Fortuna MFC GUI Monitor

I have developed an MFC application (Dev Studio .Net Project here) which generates passwords and has a monitor to allow for viewing of the internal state of the Fortuna prng. 

The Password Generator

Here is the password generation dialog:

Note that repeated characters are allowed in the password (this makes it more difficult for someone doing a brute force search of all possible passwords).  I also use the method of choosing password characters outlined in the book "Secure Programming Cookbook for C and C++" by John Viega and Matt Messier.  See recipe 11.11 "Getting a Random Integer in a Range" for all the gory details.

The checkboxes are provided to limit the symbols used in the password.  If you don't want the punctuation characters ! etc, disable that checkbox.

If you only want to run (as opposed to debug and see the source code) the password generator program, here are the required binaries.  Note that this also includes the monitor described next.

The Monitor

In the code I've used the preprocessor symbol FORTUNAMONITOR to turn monitoring on and off.  In a production environment the extra data members and data cache used to measure the compressibility of the raw data should not be used.

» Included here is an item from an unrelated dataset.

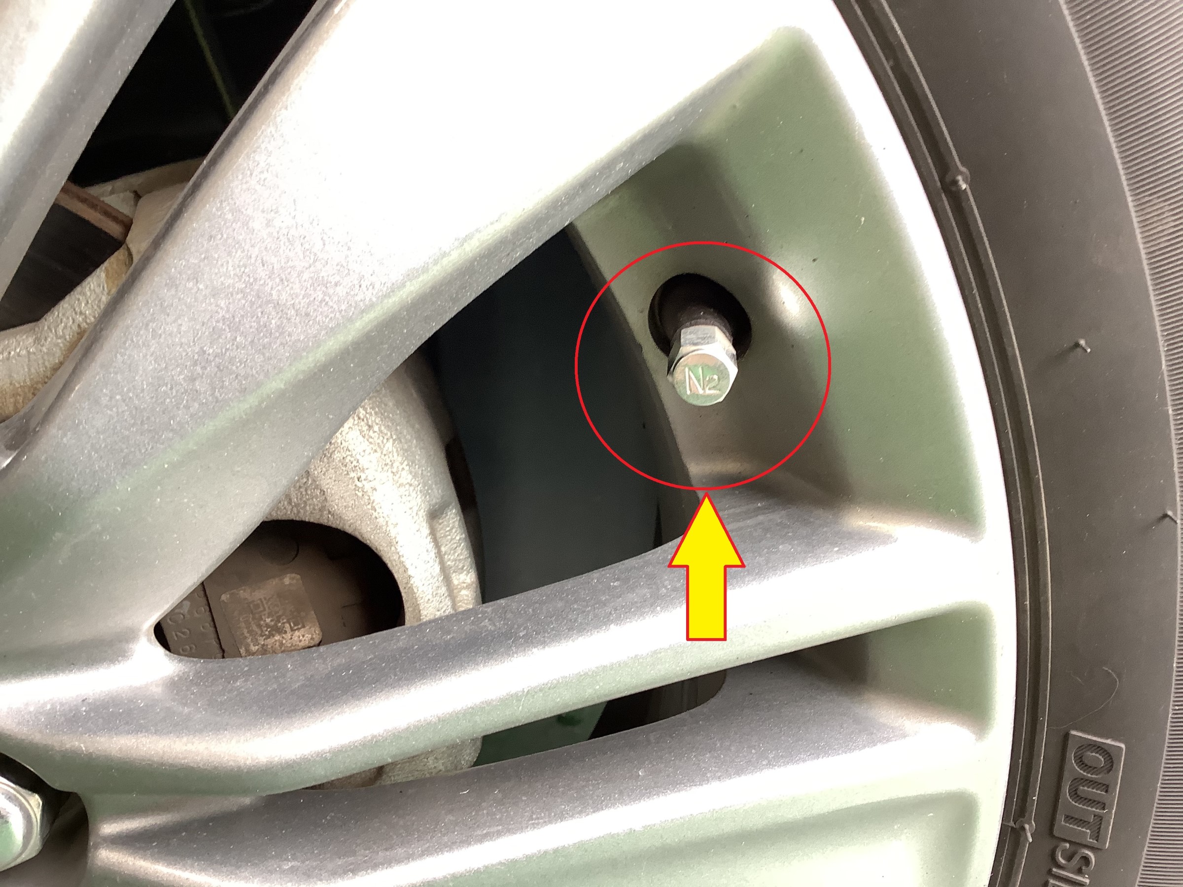 上の写真のバルブのキャップがN2になっているかと思います!

Each pool object has a hash of the current pool state as well as a vector to accumulate incoming data (called the raw data).  When the incoming raw data exceeds 1024 bytes, they are appended to the current hashed state and a new hash is determined.  Then the raw data vector is erased and the 'Compact Pool Count' counter is incremented.

The source info allows the raw data for each source to be viewed in the 'Peek' edit box.  In this example the data for Ping is being examined.  Each source can optionally turn on the Compression test to test for total failure of the data source.  Just because a source has low compression does not mean that it is a good source of cryptographically strong random data, but it does give an indication if the data has totally failed.

The registry data sources typically have a compression of up to 50%, which is not too surprising.

The compression is done using zlib.  The compression is performed on the last 32K of raw data from the given source (each source has it's own cache).  For performance reasons the data caching must be turned on manually.  I used a 32K cache because the zlib compression algorithm uses a 32K sliding window as a dictionary lookup.